ARtool uses a custom format for its database files (which will be
henceforth referred to as the .db format and is identical to the
format used in ARMiner). The asc2db and db2asc are utilities that
allow the conversion of a .db file to a specially formatted ASCII file
(we will refer to this as .asc) and respectively the conversion of a
.asc file into a .db file. The .asc files can be easily read and
modified with any decent ASCII editor.

2 Description and usage of the .asc format
==========================================

We will take a small example of supermarket data. Suppose the items
sold by a (very, very small) shop are green apples, red apples,
oranges, bananas, and grapes. Also suppose that in this morning you
had three customers, one bought green apples and grapes, one bought
only oranges, and the last one bought oranges and grapes. This
activity can be represented in the .asc format as follows:

1 green apples
2 red apples
3 oranges
4 bananas
5 grapes
BEGIN_DATA
1 5
3
3 5
END_DATA

There are two distinct parts of this file, the first one contains a
listing of all the items you can sell, or otherwise said, of all the
items that could participate in a transaction. This part looks is:

1 green apples
2 red apples
3 oranges
4 bananas
5 grapes

The format is pretty simple. It must consist of a positive number
followed by a string (which can contain blank spaces). It is important
that the numbers be assigned in increasing order starting from
1. Empty lines are allowed to appear in this section. This section
enumerates all entities described by the data and between which ARtool
will later be used to look for association rules.

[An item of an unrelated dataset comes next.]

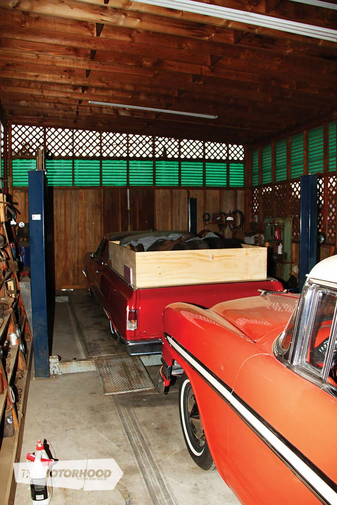 Inside the shed is a very cool bar setup, although usually the main area of the shed is used for drinking and talking crap, with a well-worn seat in the corner being Squeak’s usual spot. With the high temperatures in the area, it’s too hot to work on cars inside over summer, so a lean-to outside doubles as a great workspace-come-storage area. While we were there, and as is usually the situation, this area was full of other Kiwi’s vehicles about to make the journey back to New Zealand.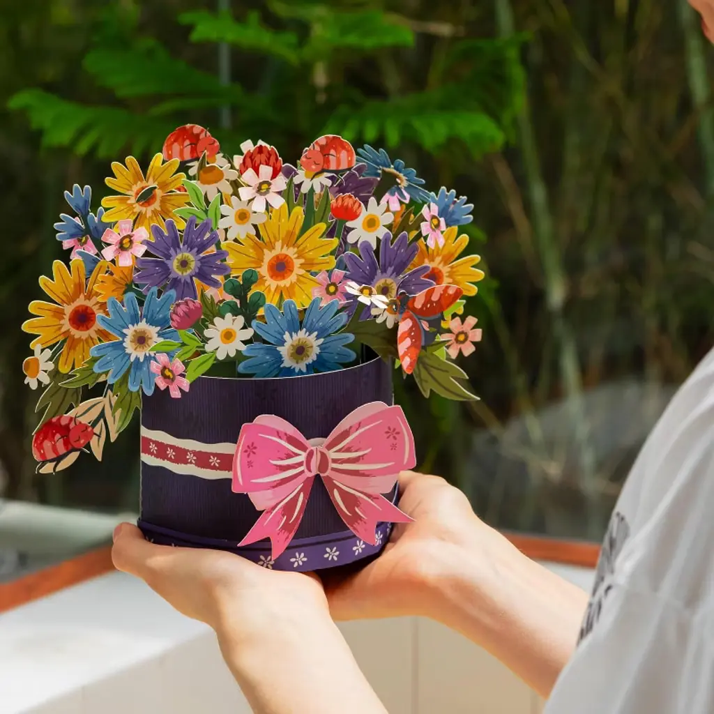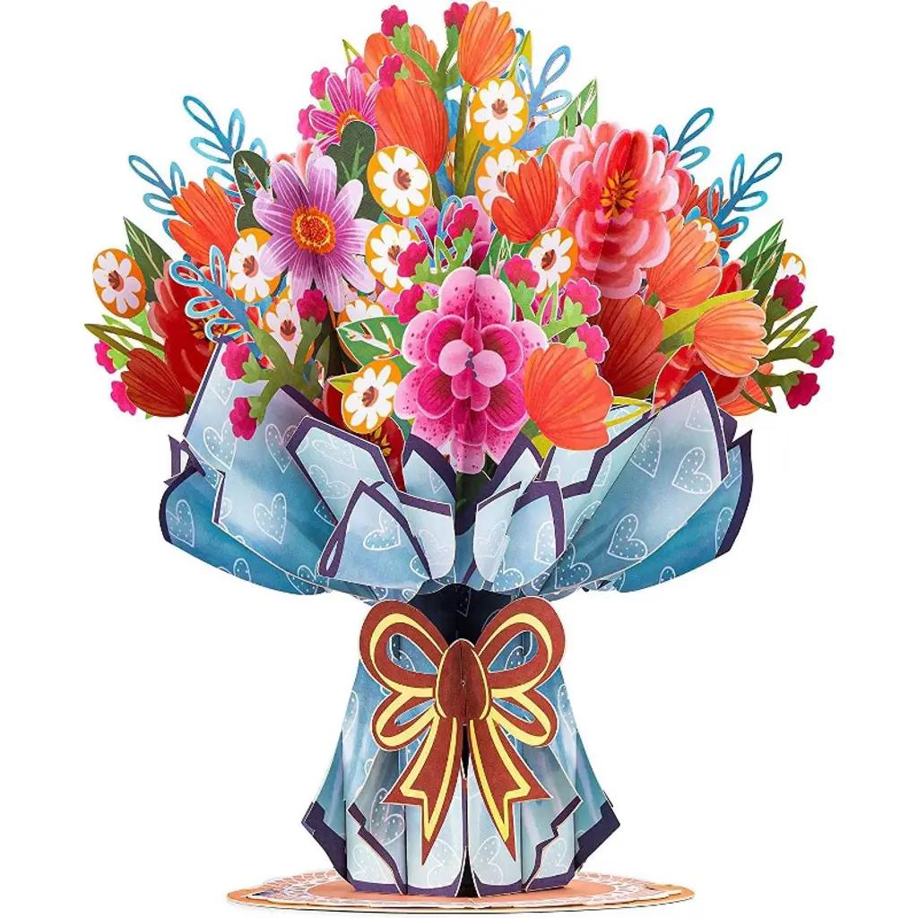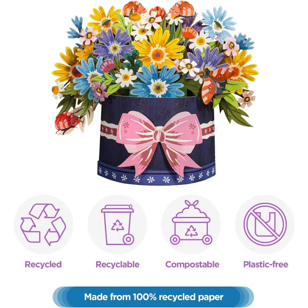 Paper Love Frndly, Festive Flower Box 3D Pop Up Card, For All Occasions - 100% Recycled And Eco-friendly, 10 Inch Bouquet

The second part consists of the actual data:

BEGIN_DATA
1 5
3
3 5
END_DATA

In our case we had 3 transactions and these are each represented on a
separate line. The first transaction involved green apples and grapes
and they are represented by the numbers associated in the first
section, that is 1 for green apples and 5 for grapes. You can check
the other transactions as an exercise. Note that this section must be
enclosed between a BEGIN_DATA and END_DATA lines. Anything appearing
after the END_DATA line will be ignored. Blank lines are allowed to
appear in this section. Note that although the numbers appearing in
each line are sorted, this is not required by the format. You can list
the numbers in any order and the file can still be processed
correctly, however we suggest to always list the numbers in a
transaction in increasing order, because in this way asc2db will
process the file more efficiently.

This concludes our supermarket data example as well as the description
of the .asc format. However most of the time your data will not be
similar to the one used in this example. If that happens, then you
will have to try to figure out some way in which you can express your
data in the .asc format. To give you an idea, we will go over another
example:

Suppose you have some sort of census data like the one below:

SSN#    Age     Sex    Married   Num_kids  Income
006     26      M      No        0         25000$
345     54      F      Yes       2         55000$
743     37      M      Yes       1         80000$

What can you do with it? Let's look at each column:

SSN#: this is unique for each entry, there is no sense to look for
association rules involving SSN#, at least not in this data, since
each SSN# appears only once in the whole data. So we can simply ignore
this field for mining purposes.

Age: this attribute can take a variety of values. ARtool cannot handle
such attributes easily, in fact it only considers binary
attributes. We need to discretize this attribute, replacing for
example ages 0-21 with "very young age", 22-35 with "young age", 35-55
with "middle age", etc

Sex: this has two values: "male" and "female", so we could create two
attributes out of it.

Married: again we can create two attributes: "married" and "not
married"

Num_kids: this also has to be discretized, maybe in "no kids", "one
kid", "several kids".

Income: we could also discretize this into "small", "average", and
"high".

The discretization should be made such that it will identify clearly
the ranges that present interest for the person who will do
the mining of this data.

With these changes we could represent the above data in .asc format
as:

1 very young age
2 young age
3 middle age
4 old age
5 male
6 female
7 married
8 not married
9 no kids
10 one kid
11 several kids
12 small income
13 average income
14 high income
BEGIN_DATA
2 5 8 9 12
3 6 7 11 13
3 5 7 10 14
END_DATA

From this file you can now create a .db file and then mine it using
ARtool or ARMiner.

3 Using asc2db
==============

The asc2db program can be used to convert a correctly formatted .asc
file to ARtool's .db format. Suppose you have a sample.asc file (one
has been provided in this package). Then you create a .db file from it
by typing:

java asc2db sample

which will create a sample.db file. If you want the .db file to have a
different name then you can specify it on the command line as a second
parameter:

java asc2db sample artdata

which will now produce an artdata.db file out of the sample.asc input.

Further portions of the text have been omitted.